Rebekah Del Rio (born 10 July 1967) is an American singer/songwriter and actress from Chula Vista, California.

The San Diego Union-Tribune voted Del Rio one of the "Top 10 Singers in San Diego", after which she moved to Los Angeles in 1989 to further develop her career. After recording the song "Llorando", a Spanish-language version of Roy Orbison's "Crying",  she moved to Nashville in 1994. There, she was signed to Irving Azoff's label, Giant Records, and recorded her first album, Nobody's Angel.  The title track was released on a compilation album and made it to No. 2 on the singles charts in the Netherlands.

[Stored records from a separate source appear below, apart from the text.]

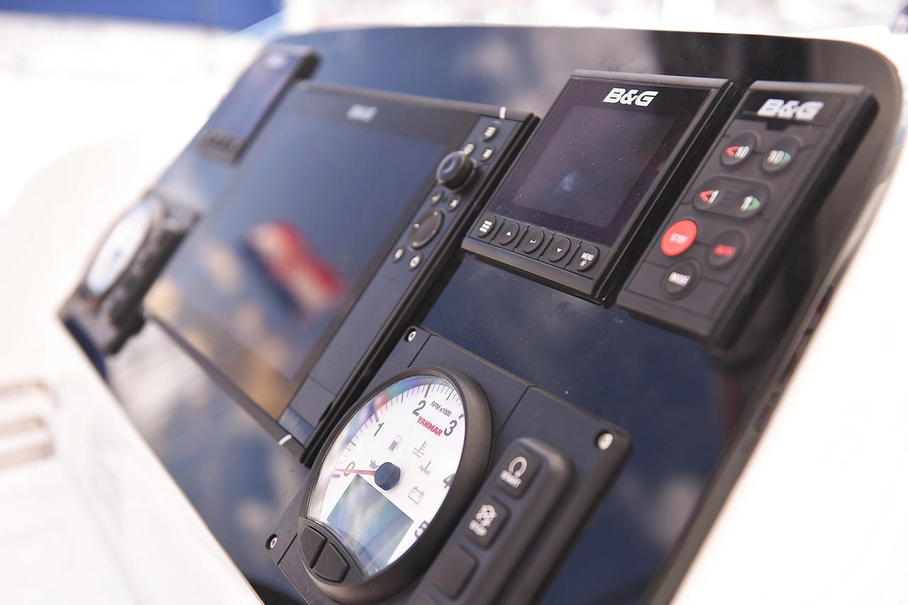 | Navigation | Barometer, Fernglas mit Peilkompass, GPS mit Kartenplotter im Cockpit, Hafenhandbücher, Navigationsbesteck, Seekarten, Tridata (Log, Echolot, Windm.) |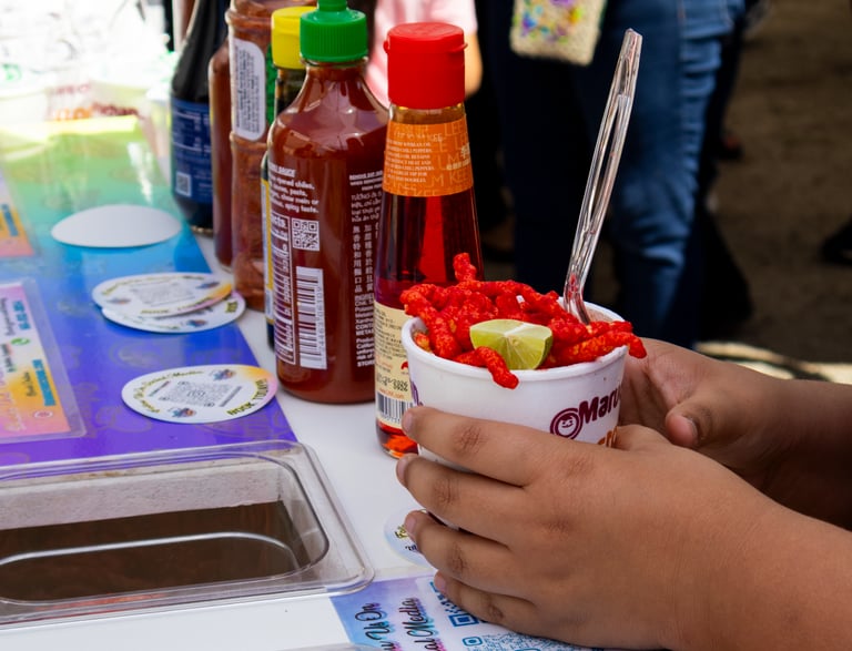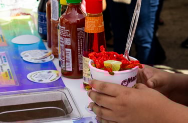 We offer mini pancake bars, tostilocos, maruchan, esquites, and chocolate fountain tables.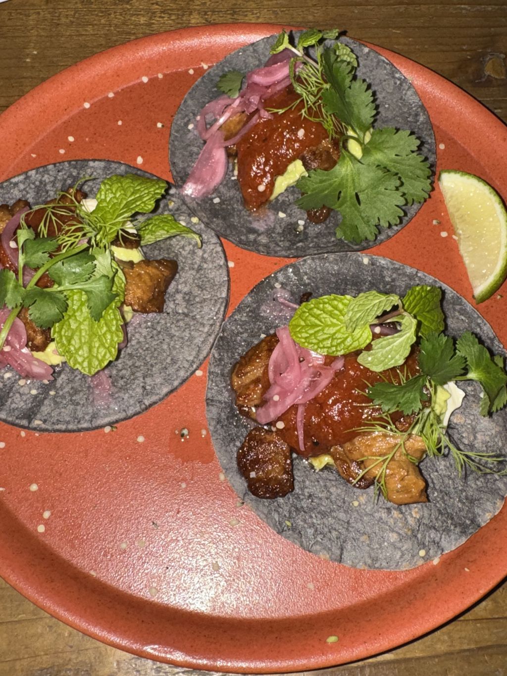We got a complementary amuse-bouche which was a nacho with cream cheese and mushroom. It was delicious, that’s all I remember. Then we shared tacos, a taco salad, and kimbap. I especially liked the tacos and kimbap, the salad was good but not out of this world. Overall a great place for dinner!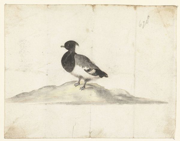 Curator: Here we have "A Magpie," a lovely watercolor work attributed to an anonymous artist, housed here at the Harvard Art Museums. It measures a modest 12 by 17 centimeters. Editor: It’s such a quiet little painting! Makes me think of a page from a naturalist's notebook, capturing a fleeting moment. There’s something so delicate about the brushstrokes. Curator: These types of studies became increasingly popular as scientific illustration gained traction. The goal was often documentary, emphasizing observation and accurate depiction. Editor: But there's a sensitivity beyond mere observation, wouldn't you say? That subtle iridescence on the wing, the bird's alert posture... It's alive! I swear it could fly off the page. Curator: Indeed, the artist's skill in capturing the magpie’s form speaks to a broader cultural interest in natural history and classification that grew over time. Editor: Looking at this, I feel a connection to someone who saw beauty in the everyday, in a single bird. A gentle reminder to pay attention to the small wonders. Curator: I agree completely. It's a beautiful intersection of art, science, and the human desire to understand the world around us.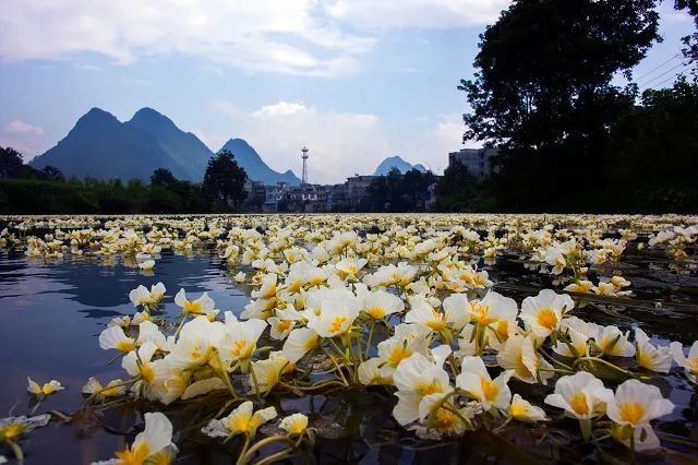 待到每年的4月末-10月就是海菜花的花期,成片的海菜花漂浮在水面,因而被称为会“开花的河”。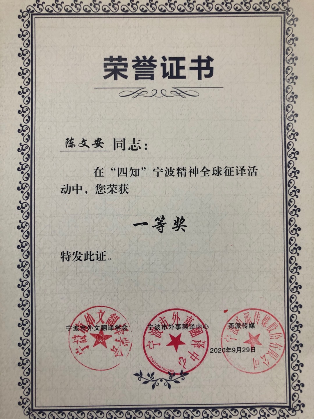 陈文安老师的译本“Ningbo Character:Pragmatism, Resilience, Courtesy, Charity (PRCC)”从上百个译本中脱颖而出进入TOP10,在线网友投票数遥遥领先(91277票),经专家委员会最终评定,荣获一等奖。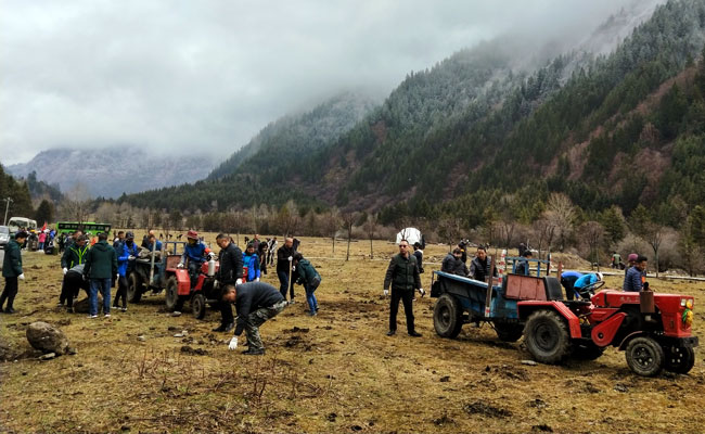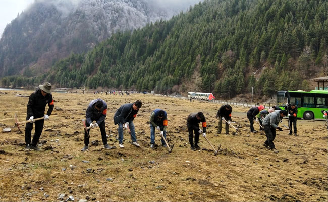 二是全員參與,投工投勞。4月3日、4月10日管理局組織全體職工、景區管護人員、環衛工和大冰川公司全體員工一道在金猴海花海規劃區進行義務投工投勞,通過機械培土、人工清場、旋耕作業等方式全面完成種植綠化、美化,提升景點品質的任務。

Her vocals can be heard on numerous soundtracks including Sin City, Streets of Legend, Man on Fire, and Mia Sarah.  Del Rio made a cameo appearance in David Lynch's 2001 film Mulholland Drive, singing "Llorando" a cappella.  She is also featured in Richard Kelly's film Southland Tales, providing solo vocals in a string arrangement of "The Star-Spangled Banner". She performed the song "No Stars", written in collaboration with David Lynch and John Neff, at the end of Part 10 of Twin Peaks: The Return. Joining Del Rio on stage was the musician Moby on guitar.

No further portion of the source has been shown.